As soon as the line containing "Necklace with crystal" appears, start repeating lines exactly and continue to the end of the entries; please skip pictures.

→ **DATA LISTING**:
# # # #
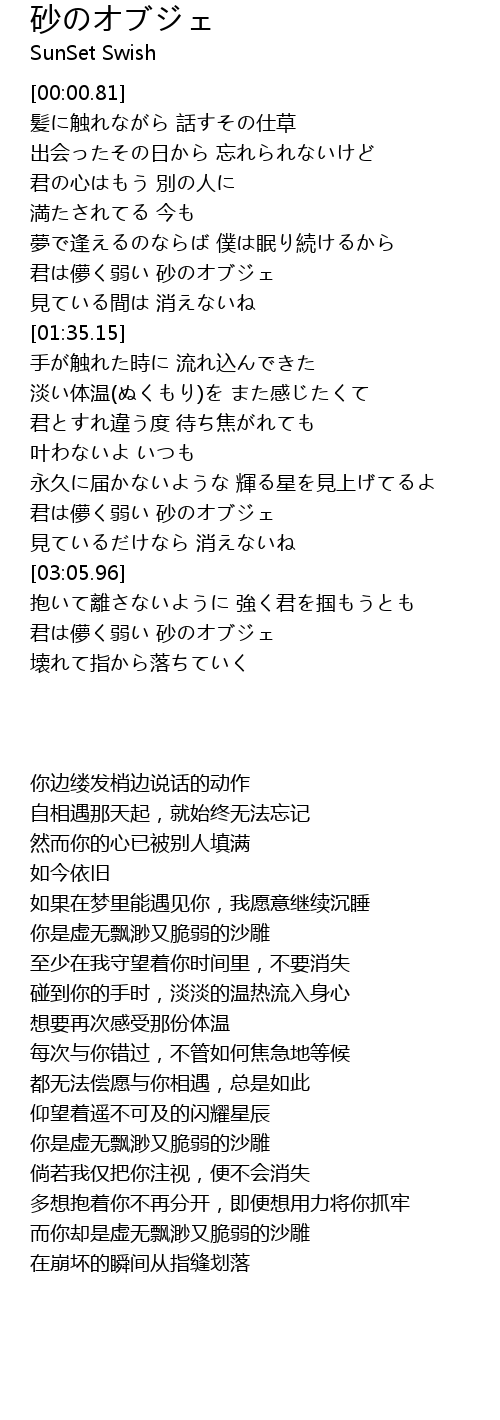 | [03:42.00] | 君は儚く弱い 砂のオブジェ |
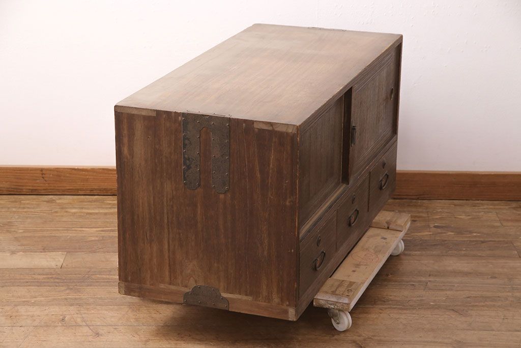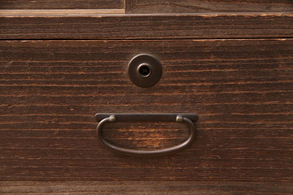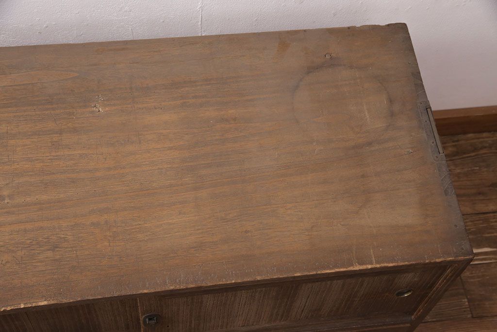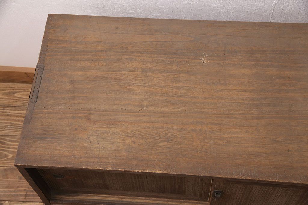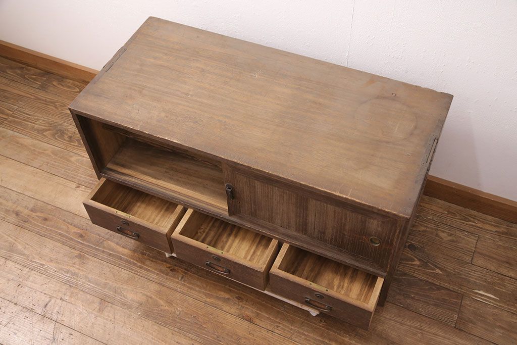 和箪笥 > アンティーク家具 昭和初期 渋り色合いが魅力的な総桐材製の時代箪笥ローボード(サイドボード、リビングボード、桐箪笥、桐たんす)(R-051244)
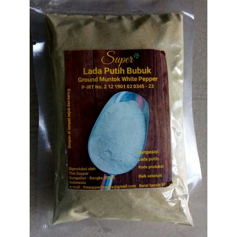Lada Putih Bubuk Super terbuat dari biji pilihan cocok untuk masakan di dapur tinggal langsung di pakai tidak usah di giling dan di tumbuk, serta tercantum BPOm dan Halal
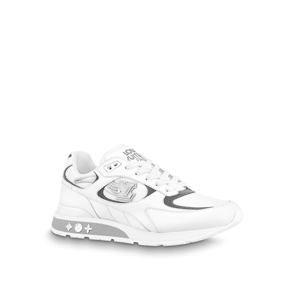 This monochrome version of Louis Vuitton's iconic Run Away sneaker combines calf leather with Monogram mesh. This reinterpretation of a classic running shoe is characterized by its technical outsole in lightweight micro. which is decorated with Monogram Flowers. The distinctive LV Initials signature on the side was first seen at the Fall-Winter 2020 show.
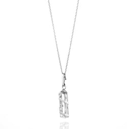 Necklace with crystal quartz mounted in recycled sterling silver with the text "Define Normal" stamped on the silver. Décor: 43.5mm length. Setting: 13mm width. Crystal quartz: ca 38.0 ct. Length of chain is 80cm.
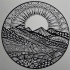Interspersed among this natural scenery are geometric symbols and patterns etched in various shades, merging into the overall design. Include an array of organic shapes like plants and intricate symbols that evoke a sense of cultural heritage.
# # # #
→ **TASK RESPONSE**:
 Necklace with crystal quartz mounted in recycled sterling silver with the text "Define Normal" stamped on the silver. Décor: 43.5mm length. Setting: 13mm width. Crystal quartz: ca 38.0 ct. Length of chain is 80cm.
Interspersed among this natural scenery are geometric symbols and patterns etched in various shades, merging into the overall design. Include an array of organic shapes like plants and intricate symbols that evoke a sense of cultural heritage.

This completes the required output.